Mansilla, porteño gobernador de la provincia entre 1821 y 1824, tiene en su biografía notables méritos militares, desde su participación en la defensa contra las invasiones inglesas de 1806 y 1807 hasta la batalla en la Vuelta de Obligado, contra la escuadra naval anglo francesa, pero nunca será olvidado y siempre recordado (y sospechado) de traicionar a Francisco Ramírez y sepultar el sueño de la “Republica de Entre Ríos”, pero ésa…esa es otra historia.
Volvamos con “Troilo” a las 4 Esquinas. “Siempre fue un almacén de ramos generales, y no cambió nada. Seguimos vendiendo de todo un poco y lo principal es vender barato, sino no se puede competir con los supermercados, pero los tupimos lindo a todos” confiesa entre risas, el hombre que sabe de la fidelización que posibilita seguir abiertos y de la lealtad de los viejos clientes que encuentran en este emblemático lugar una suerte de segundo hogar, una iglesia donde el bolichero es el pastor que convoca detrás del altar que es ese mostrador brilloso de tantas copas servidas.
Un buen aislamiento hace de “Las 4 Esquinas” un lugar fresco y agradable pese a las chapas, mientras afuera el termómetro anda con ganas de hacer un nuevo récord.

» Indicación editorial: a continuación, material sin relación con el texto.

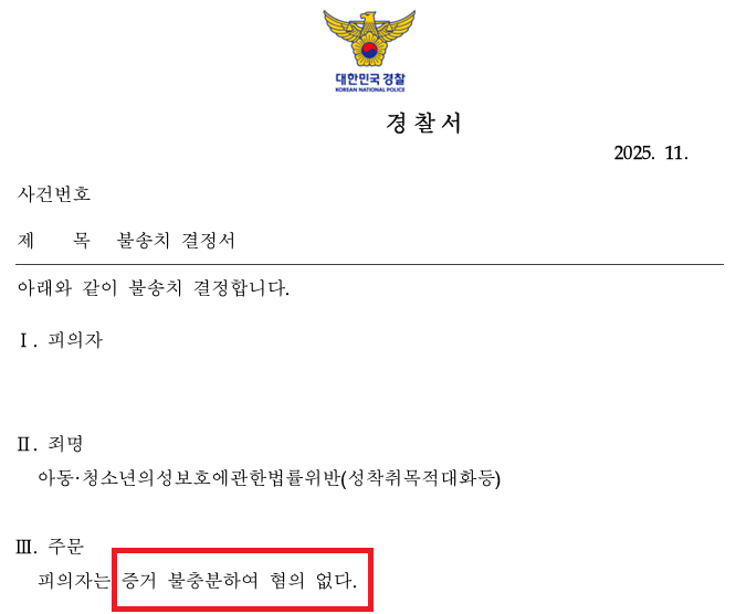 5. A씨는 성착취목적대화 사건에서 저희의 조력을 받음으로써 수사 단계에서 불송치 처분을 받으셨습니다.

Las estanterías exhiben lo que toda despensa debe tener: Yerba, azúcar, harinas, aceite, productos de limpieza, gaseosas y bebidas alcohólicas. “Se toma vino, cerveza y coca con fernet” dice el bolichero mientras le sirve una copa a Pedro, un cliente amigo que hizo una parada técnica acompañado de su hijo de 8 años: “Yo venía con mi viejo al bar, y lo sigo haciendo ahora con él” relata apuntando al pequeño que pide otra gaseosa sin desatender la pantalla del celular.

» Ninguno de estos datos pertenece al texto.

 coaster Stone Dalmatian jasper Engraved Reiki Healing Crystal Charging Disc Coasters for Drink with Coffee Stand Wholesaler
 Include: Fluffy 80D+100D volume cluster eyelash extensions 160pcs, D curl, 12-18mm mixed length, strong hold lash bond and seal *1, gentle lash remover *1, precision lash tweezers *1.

¿Qué podemos picar? “Lo que quiera” arremete el almacenero mientras todos ríen. “Se puede picar salame casero, queso, mortadela y galleta de campo” esclarece “Troilo” sobre la oferta, pero también “puede llevarse un pollo o comer un asado entre amigos” aporta Mario, el amigo cliente con ganas de hablar que todos los días pasa cerca del mediodía a tomar un vermú, y vuelve cuando baja el sol para compartir el protocolo de la conversación que nunca será interrumpida por el sonido de un teléfono móvil, salvo que “llame la patrona” se confiesa.
Pedro Aníbal Dellagiustina, “Troilo” para todos, no sabe si alguien seguirá el boliche y él anda con ganas de jubilarse, aunque es un hombre joven de sólo 61 años. “Ya estoy cansado, hace muchos años que estamos acá detrás del mostrador” admite. Un sobrino podría ser el continuador de la historia aquí, en las esquinas que son cuatro de Salas y Lucena, en los limites urbanizados de Gobernador Mansilla, pero no lo ve muy convencido.
El boliche está tal cual se construyó hace más de 100 años. “Le cambié las chapas del techo que se habían picado, pero las paredes y todo lo que se ve siguen igual, nada se ha tocado” expresa el hombre al que todos conocen por el apellido del gran “Pichuco” pero que nada sabe de tango. “Me gusta la música, pero no se cantar”, y se ríe con ganas.
“Qué le puedo decir, lo importante es seguir marchando, que no es fácil” comenta en la despedida. El sol abrazador del mediodía de este verano nos recibe. Adentro, en el almacén de chapas centenarias que sigue en pie y con sus puertas abiertas continúa la tertulia en la hora del aperitivo, antes de la sagrada siesta. Estamos en los arrabales de Mansilla, en un buen lugar para hacer una pausa, compartir una copa, una picada y festejar que estos almacenes sigan abiertos por siempre. Celebremos, que la vida se nos va pasando muy rápido.